Doch all dies ist so unnötig. Die Siedlungen sind illegal. Sie verletzen das  Humanitäre Völkerrecht, das internationale Menschenrechtsgesetz., eine Entscheidung von 2004 vom Internationalen Gerichtshof in Den Haag, zahlreiche Resolutionen des UN-Sicherheitsrats, des UN-Menschenrechtsrat und der Vollversammlung und die oft zitierte Roadmap des Quartetts ( US, EU, UN und Russland) .

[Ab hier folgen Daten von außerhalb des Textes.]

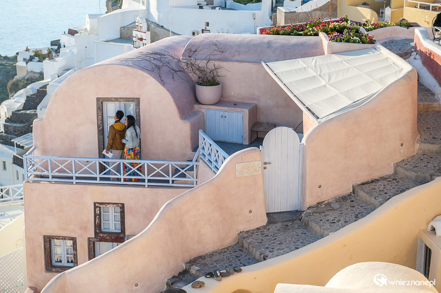 Santorini. Turyści wchodzący do jednego z hoteli w Oi.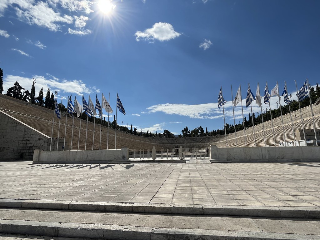 We meet our local guide Babis and we make a quick stop at the Panathenaic Stadium, which is the only stadium in the world built entirely of marble. Wow!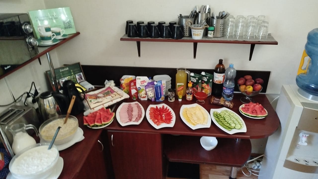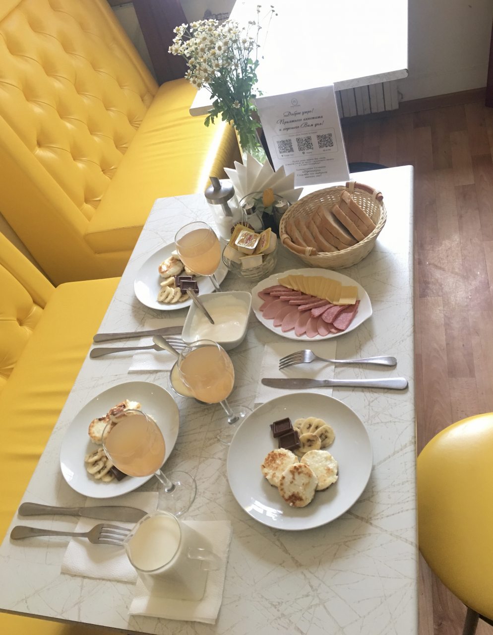 Бронировали номер на 3 персоны. У нас был поздний заезд, оплачивали отдельно. Выдали ключи от номера на первом этаже. Очень повезло. Предложили легкий перекус, что очень любезно) Завтраки тоже заказывали за дополнительную плату, при чем удобно, что время выбираешь сам. Есть утюг, фен.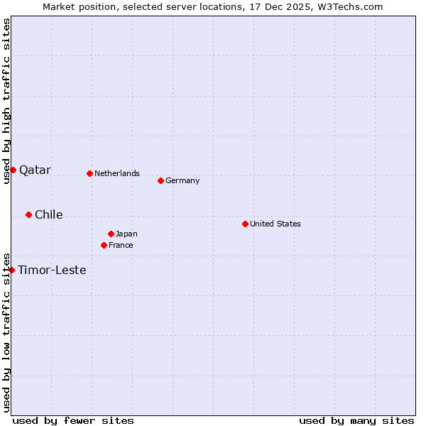 TechnologiesContent ManagementServer-side Languages Client-side Languages JavaScript Libraries CSS Frameworks Web Servers Web Panels Operating Systems Web Hosting Data Centers Reverse Proxies DNS Servers Email Servers SSL Certificate Authorities Content Delivery Traffic Analysis Tools Advertising Networks Tag Managers Social Widgets Site Elements Structured Data Markup Languages Character Encodings Image File Formats Top Level Domains Server Locations Content Languages | Technologies > Server Locations > Technology usage comparison Comparison of the usage statistics of Chile vs. Qatar vs. Timor-Leste for websitesThis report shows the usage statistics of Chile vs. Qatar vs. Timor-Leste as server location on the web. See technologies overview for explanations on the methodologies used in the surveys. Our reports are updated daily. UsageThis diagram shows the percentages of websites using the selected technologies. How to read the diagram:

Doch all dies kann gelöst werden; alles was nötig wäre, ist, dass Israel nach denselben Rechtsnormen wie jeder andere Staat in der Welt  behandelt wird. In diesem Kontext ist es für Netanyahu geradezu lächerlich, die Siedler, die er ermutigt, finanziert und schützt, aufzurufen, Zurückhaltung zu zeigen. Zurückhaltung haben viel mehr die Palästinenser gezeigt, die darauf warten, dass die internationale Gemeinschaft  gegenüber  der grundsätzlichen Verlogenheit Israels aufwacht und  sie dahin bringt, tatsächlich die internationalen  rechtlichen Standards, die sie geschaffen hat, zu erfüllen.

 

Richard Irvine gibt einen Kurs an der Belfaster Queens-Universität mit dem Titel: „Die Schlacht für Palästina“. Es ist die ganze Geschichte des Konfliktes. Irvine hat auch schon freiwillig in den palästinensischen Flüchtlingslagern im Libanon gearbeitet, am Pflanzen von Olivenbäumen und an der Olivenernte in der Westbank teilgenommen.